A putative new idea for AI control; index here.
EDIT: To remind everyone, this method does not entail the Oracle having false beliefs, just behaving as if it did; see here and here.
An idea I thought I'd been mentioning to everyone, but a recent conversation reveals I haven't been assiduous about it.
It's quite simple: whenever designing an Oracle, you should, as a default, run it's output channel through a probabilistic process akin to the false thermodynamic miracle, in order to make the Oracle act as if it believed its message will never be read.
This reduces the possibility of the Oracle manipulating us through message content, because it's action as if that content will never be seen by anyone.
Now, some Oracle designs can't use that (eg if accuracy is defined in terms of the reaction of people that read its output).

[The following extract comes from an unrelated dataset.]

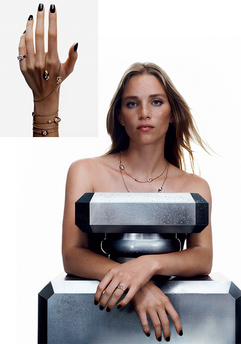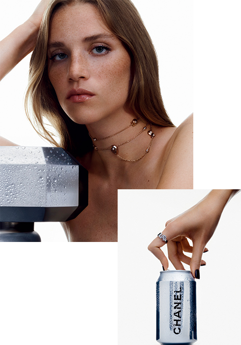 롱 네크리스를 여러 번 레이어링해 패셔너블한 스타일링을 완성했다. 브릴리언트 컷 다이아몬드를 세팅한 18K 베이지 골드 소재의 LES INFINIS DE N°5 변형 가능한 롱 네크리스, 브릴리언트 컷 다이아몬드를 세팅하고 18K 베이지 골드 소재로 완성한 이터널 N°5 링.

But in general, if your design allows such a precaution, there's no reason not to put it on, so it should be default in the Oracle design.

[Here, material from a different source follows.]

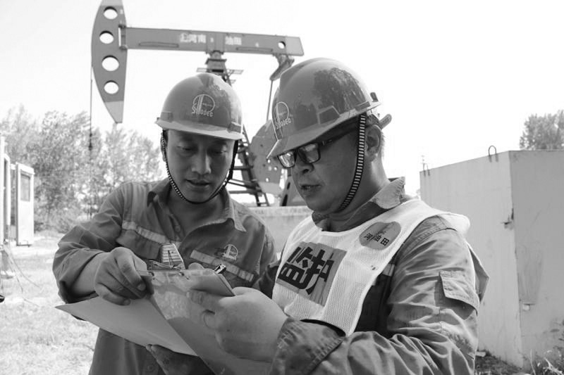 图为7月28日,在3203井进行抽油机加固施工前,HSSE管理人员、施工方、监护人员现场确认后在维修作业票上签字,确保夏季施工安全平稳运行。

Even if the Oracle design precludes this directly, some version of it can be often be used. For instance, if accuracy is defined in terms of the reaction of the first person to read the output, and that person is isolated from the rest of the world, then we can get the Oracle to act as if it believed a nuclear bomb was due to go off before the person could communicate with the rest of the world.
Fair enough, let me try to rephrase that without using the word friendliness:
We're trying to make a superintelligent AI that answers all of our questions accurately but does not otherwise influence the world and has no ulterior motives beyond correctly answering questions that we ask of it.

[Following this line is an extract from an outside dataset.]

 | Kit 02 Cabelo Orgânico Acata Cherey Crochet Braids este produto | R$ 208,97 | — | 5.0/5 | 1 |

If we instead accidentally made an AI that decides that it is acceptable to (for instance) manipulate us into asking simpler question so that it can answer more of them, it is preferable that it doesn't believe anyone is listening to the answers it gives because that is one less way it has for interacting with the outside world.
It is a redundant safeguard. With it, you might end up with a perfectly functioning AI that does nothing, without it, you may end up with an AI that is optimizing the world in an uncontrolled manner.
I don't think so. As I mentioned in another subthread here, I consider separating what an AI believes (e.g. that no one is listening) from what it actually does (e.g. answer questions) to be a bad idea.